Center for Asia-Pacific Resilience and Innovation

Biography

Siwei Huang is director of engagement of the Center for Asia-Pacific Resilience and Innovation (CAPRI), where he leads engagement initiatives with diverse stakeholders worldwide based on CAPRI’s interdisciplinary policy research. He also publishes interdisciplinary research and commentary in English and Chinese on energy policy, trade relationships, and supply chain management in East Asia; internationalization and health system policy in Taiwan; Taiwanese electoral politics, and the evolution of identity in Taiwan and Hong Kong. Previously, Siwei was a researcher at the Education University of Hong Kong. He holds a master’s in global political economy from the Chinese University of Hong Kong and a bachelor’s in applied economics from Hong Kong Baptist University.

Artificial intelligence (AI) leadership, in terms of both R&D advancement and setting the rules of AI adoption and utilization, is increasingly shaped not only by technological breakthroughs but by control over platforms, foundation models, and the governance frameworks that determine how AI is developed, deployed, and regulated. As AI systems diffuse rapidly across economies and societies, governance choices are becoming inseparable from questions of competitiveness, security, and legitimacy.

Globally, the AI development and governance landscape is consolidating around three distinct approaches: a market-led, firm-driven model centered on proprietary innovation in the US; a regulation-first strategy in the EU that seeks to exercise normative leadership through standard-setting and accountability; and a state-coordinated approach in China that combines rapid innovation, open-source experimentation, and centralized oversight. The middle powers of the Asia Pacific—notably Japan, South Korea, Taiwan, the ASEAN economies, and Australia—operate under markedly different constraints: They lack the hyperscale digital platforms of US technology firms, the supranational regulatory authority of the EU, and the strong state capacity of China. Yet these middle powers are deeply embedded in global AI supply chains and increasingly exposed to the economic, security, and societal consequences of AI deployment. For these economies, AI is not only a technological issue but also a test of institutional capacity.

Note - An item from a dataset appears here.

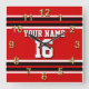 Red Black White Team Jersey Custom Number Name Square Wall Clock

The challenges posed by AI are forcing policymakers worldwide to revisit longstanding questions about how societies drive innovation while managing its consequences—but under conditions of unprecedented technological speed. How can Asia-Pacific middle powers carve out a distinct path that prioritizes application-driven innovation while creating flexible yet credible governance models capable of managing the trade-offs among growth, risk, and dependence? Diverging pathways toward AI resilience in the Asia Pacific can be understood along three interrelated dimensions: strategic goal setting, innovation ecosystems, and governance design. Rather than prescribing policy solutions to contentious debates, this analysis poses key questions that public- and private-sector stakeholders must confront as the global AI landscape evolves.

AI governance archetypes: the US, EU, and China

The emerging global AI order is not converging on a single governance framework. Instead, three archetypal approaches to aligning AI innovation strategies with broader political, economic, and strategic priorities have emerged. These models define the external environment within which Asia-Pacific middle powers must make their own choices.

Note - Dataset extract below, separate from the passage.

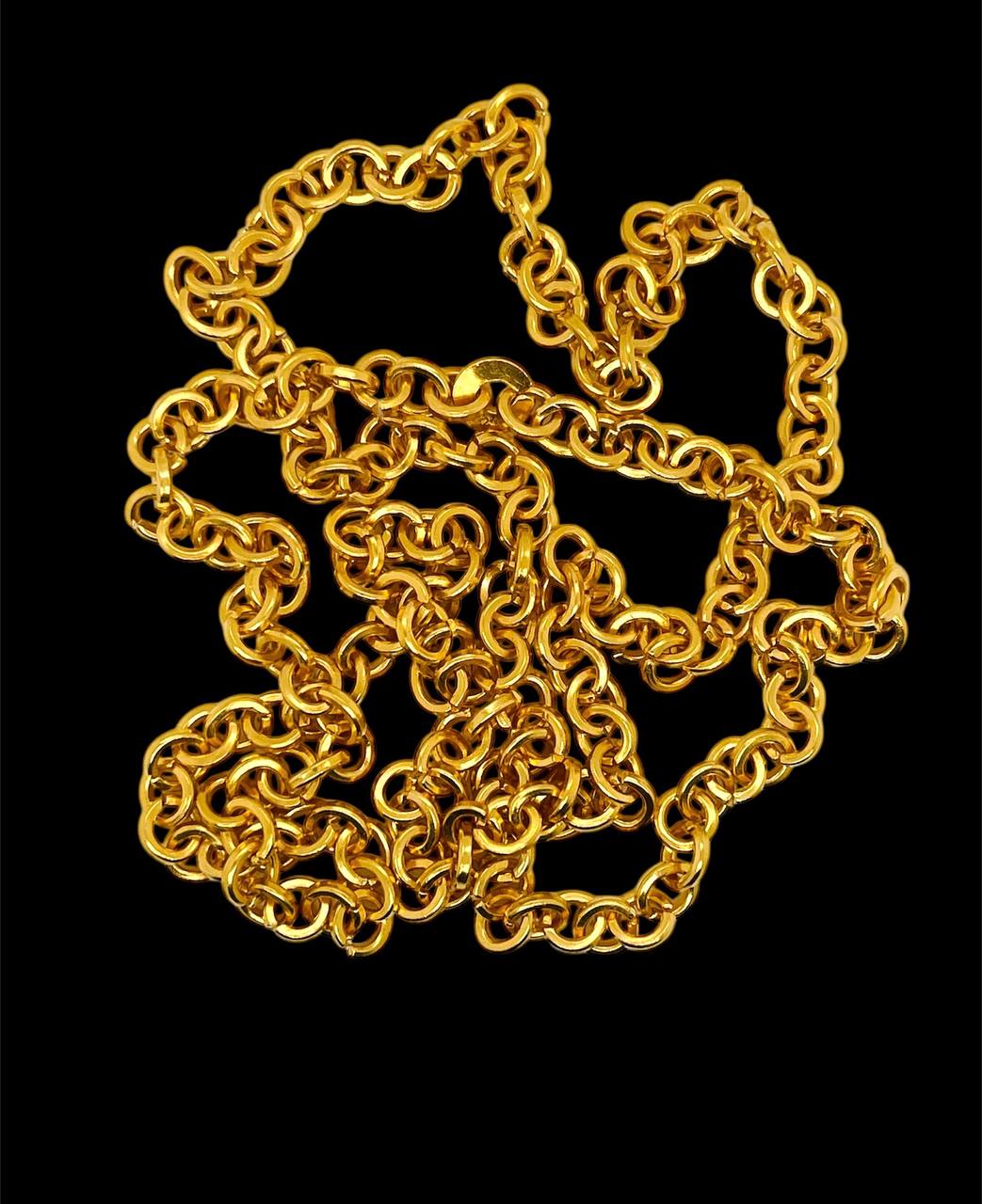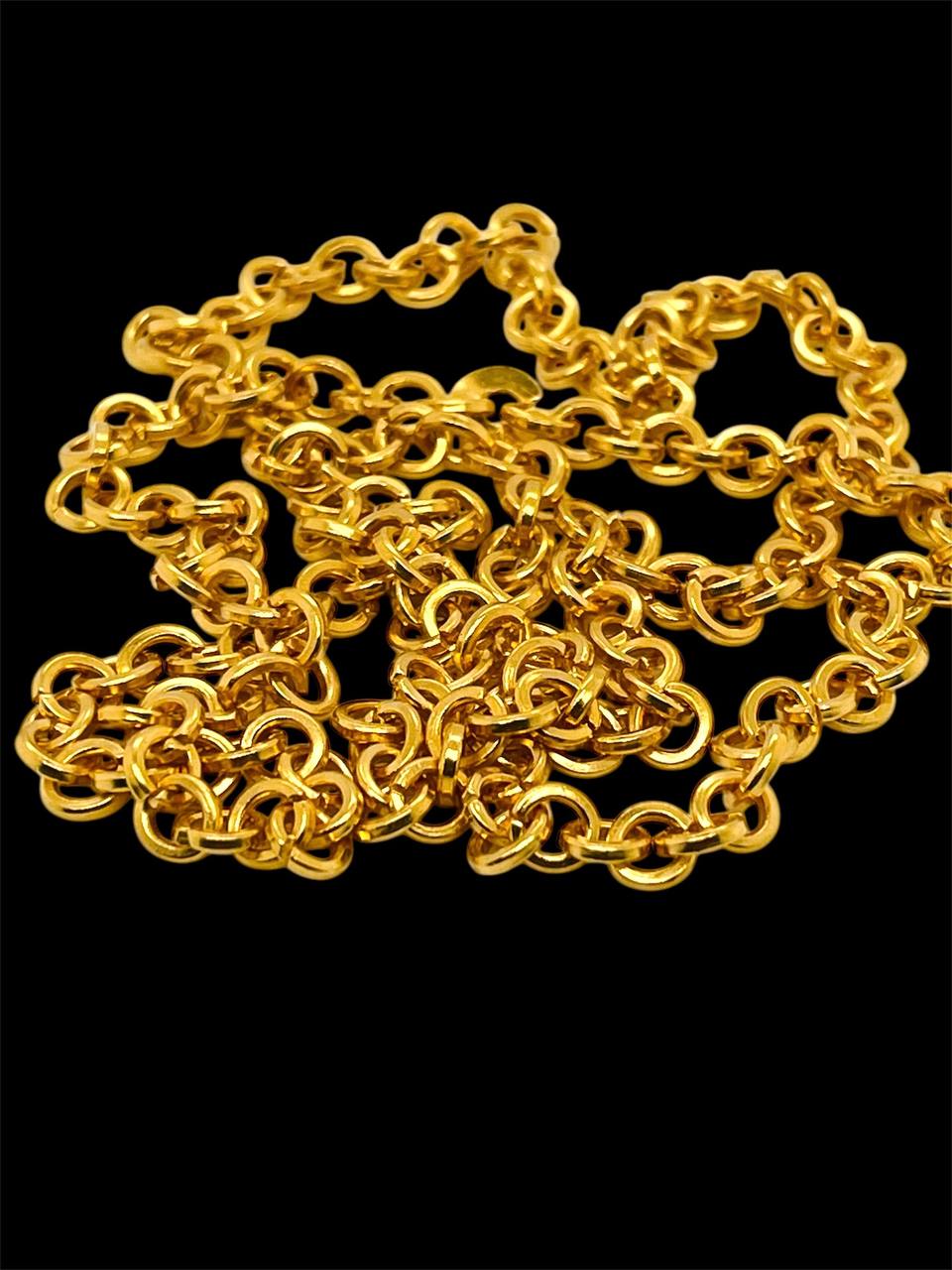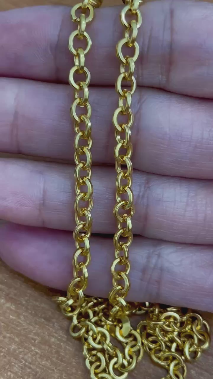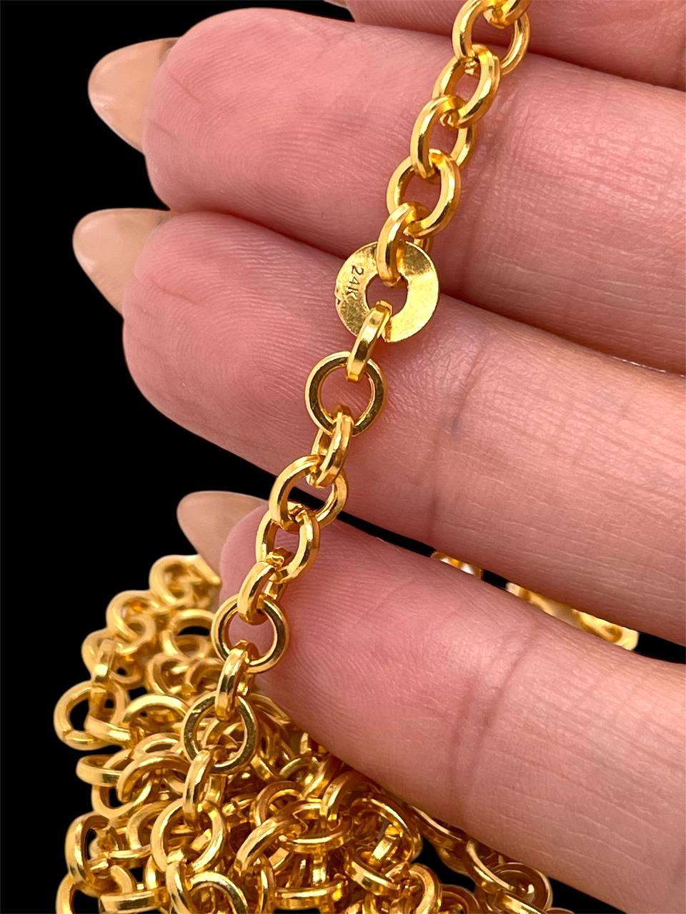 Beautiful and unique design 24k Solid yellow gold round link men's chain necklace!

The US approach is anchored in market leadership as well as firm-level innovation and control over proprietary technologies. AI development is driven primarily by large technology companies—such as OpenAI, Google, and Microsoft—with the computational scale, data access, and capital to build and deploy frontier models. Under the Trump administration, this orientation has been reinforced by renewed emphasis on deregulation, industrial competitiveness, and strategic rivalry with China.[i] Frontier AI models and infrastructure dominance—particularly in producing cutting-edge AI chips—are increasingly framed as strategic assets for sustaining US technological leadership and geopolitical influence.[ii]

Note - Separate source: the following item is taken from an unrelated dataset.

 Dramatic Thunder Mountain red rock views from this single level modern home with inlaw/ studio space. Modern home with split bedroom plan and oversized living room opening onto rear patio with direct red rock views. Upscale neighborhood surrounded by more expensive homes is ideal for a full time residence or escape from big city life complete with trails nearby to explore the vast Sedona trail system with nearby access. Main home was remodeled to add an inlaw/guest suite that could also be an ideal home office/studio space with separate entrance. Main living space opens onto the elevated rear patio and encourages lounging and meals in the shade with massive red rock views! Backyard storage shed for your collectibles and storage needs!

By contrast, the EU has positioned itself as a regulatory leader. The AI Act and related initiatives emphasize risk classification, transparency, and accountability across the AI lifecycle.[iii] Rather than competing directly in developing scalable platforms or foundation models, the EU seeks to shape the global AI ecosystem by establishing statutory rules and standards that others outside EU may adopt—or be required to comply with to access European markets. While the EU’s regulatory capacity and market size provide leverage in standard-setting, its AI innovation ecosystem remains comparatively fragmented and undercapitalized, casting doubt on the capacity of European firms—particularly start-ups and SMEs—to scale up and compete in a tightly regulated environment.[iv]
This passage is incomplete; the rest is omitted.